EXERCISE BRIEF -> Leave out the images; return the rest of the data exactly.

DATA PROVIDED ->
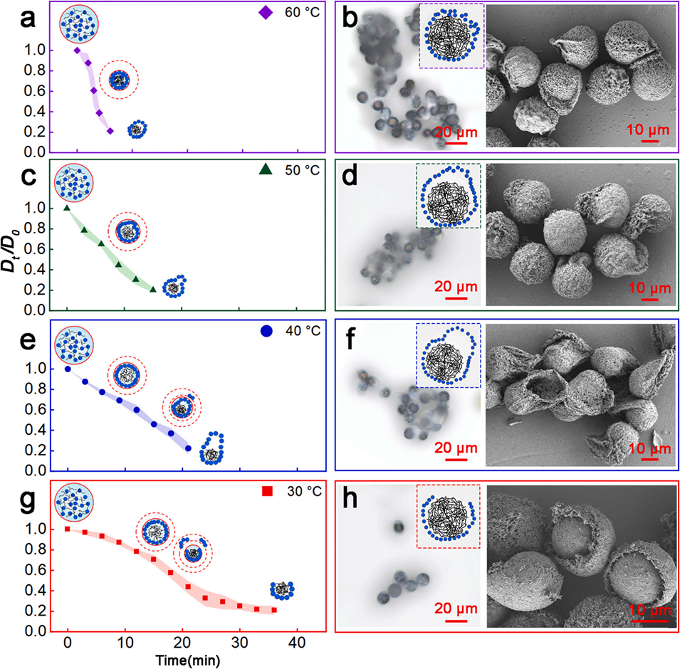 图6 干燥温度对 CNT/PS 超颗粒固化速率及所得结构的影响。(a) 干燥温度为 60 ℃时测得的收缩率(Dt/D0),以及 (b) 最终阶段所得对应煅烧后 CNT/PS 超颗粒的光学与 SEM 图像;插图为共组装过程与结构示意图。(c) 干燥温度为 50 ℃时测得的收缩率,以及 (d) 最终阶段所得对应煅烧后 CNT/PS 超颗粒的光学与 SEM 图像;插图为共组装过程与结构示意图。(e) 干燥温度为 40 ℃时测得的收缩率,以及 (f) 最终阶段所得对应煅烧后 CNT/PS 超颗粒的光学与 SEM 图像;插图为共组装过程与结构示意图。(g) 干燥温度为 30 ℃时测得的收缩率,以及 (h) 最终阶段所得对应煅烧后 CNT/PS 超颗粒的光学与 SEM 图像;插图为共组装过程与结构示意图。本实验中dPS =100 nm,RPS:CNT =1:1。彩色条纹误差棒代表 50 个随机选取液滴收缩率的标准偏差(SD)。
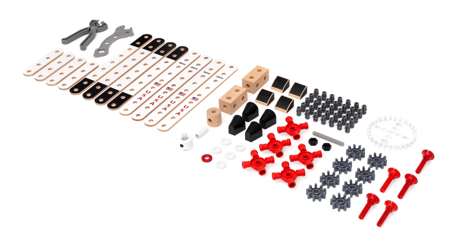 - 12× leseni profil, 11× leseni blok, 9× zobnik, 5× žebelj/spoj, 1× luč, 1× klešče, 1× ključ, različni igralni deli, 1× inspiracijski letak
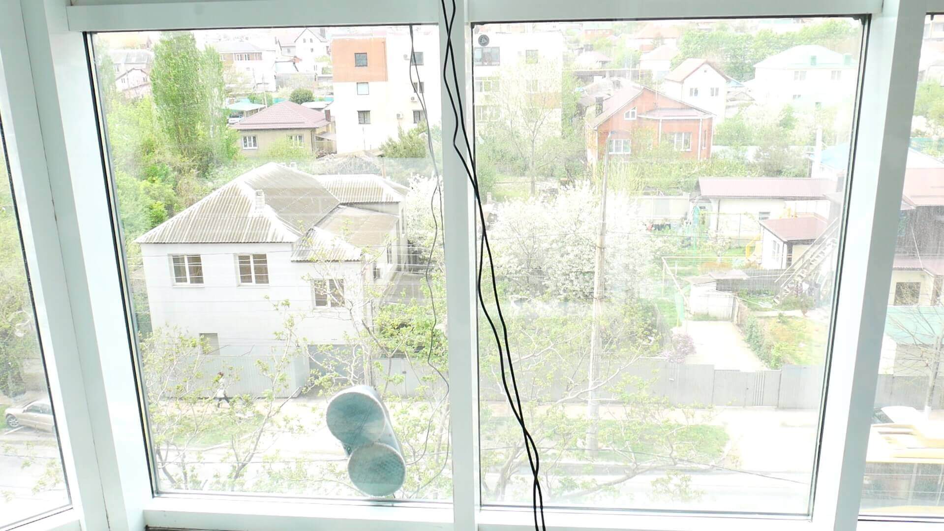Robotą taip pat dislokavome vienoje iš įstiklinto balkono aklųjų angų. Jo efektyvumą galima aiškiai palyginti su gretimos, nešvarios angos efektyvumu.
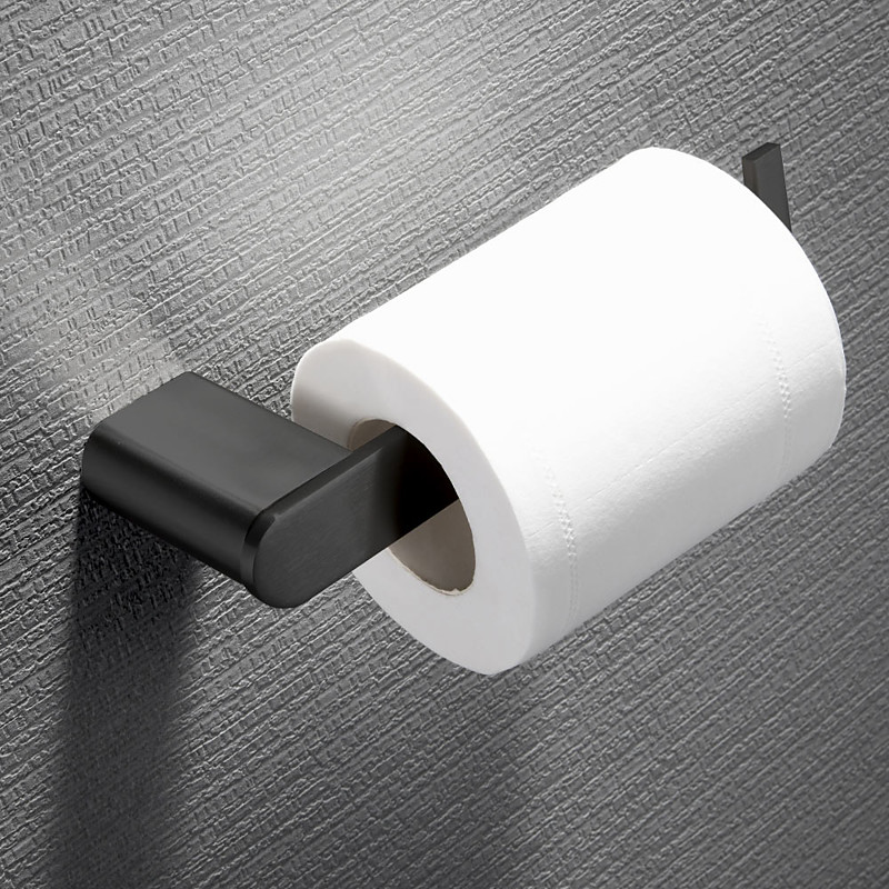 Bathroom Accessory Stainless Steel Include Robe Hook, Towel Bar, Towel Holder, Toilet Paper Holder with Shelf for Phone and Wash Supplies, Matte Black Bathroom

THE COMPLETED TASK ->
 图6 干燥温度对 CNT/PS 超颗粒固化速率及所得结构的影响。(a) 干燥温度为 60 ℃时测得的收缩率(Dt/D0),以及 (b) 最终阶段所得对应煅烧后 CNT/PS 超颗粒的光学与 SEM 图像;插图为共组装过程与结构示意图。(c) 干燥温度为 50 ℃时测得的收缩率,以及 (d) 最终阶段所得对应煅烧后 CNT/PS 超颗粒的光学与 SEM 图像;插图为共组装过程与结构示意图。(e) 干燥温度为 40 ℃时测得的收缩率,以及 (f) 最终阶段所得对应煅烧后 CNT/PS 超颗粒的光学与 SEM 图像;插图为共组装过程与结构示意图。(g) 干燥温度为 30 ℃时测得的收缩率,以及 (h) 最终阶段所得对应煅烧后 CNT/PS 超颗粒的光学与 SEM 图像;插图为共组装过程与结构示意图。本实验中dPS =100 nm,RPS:CNT =1:1。彩色条纹误差棒代表 50 个随机选取液滴收缩率的标准偏差(SD)。
 - 12× leseni profil, 11× leseni blok, 9× zobnik, 5× žebelj/spoj, 1× luč, 1× klešče, 1× ključ, različni igralni deli, 1× inspiracijski letak
Robotą taip pat dislokavome vienoje iš įstiklinto balkono aklųjų angų. Jo efektyvumą galima aiškiai palyginti su gretimos, nešvarios angos efektyvumu.
 Bathroom Accessory Stainless Steel Include Robe Hook, Towel Bar, Towel Holder, Toilet Paper Holder with Shelf for Phone and Wash Supplies, Matte Black Bathroom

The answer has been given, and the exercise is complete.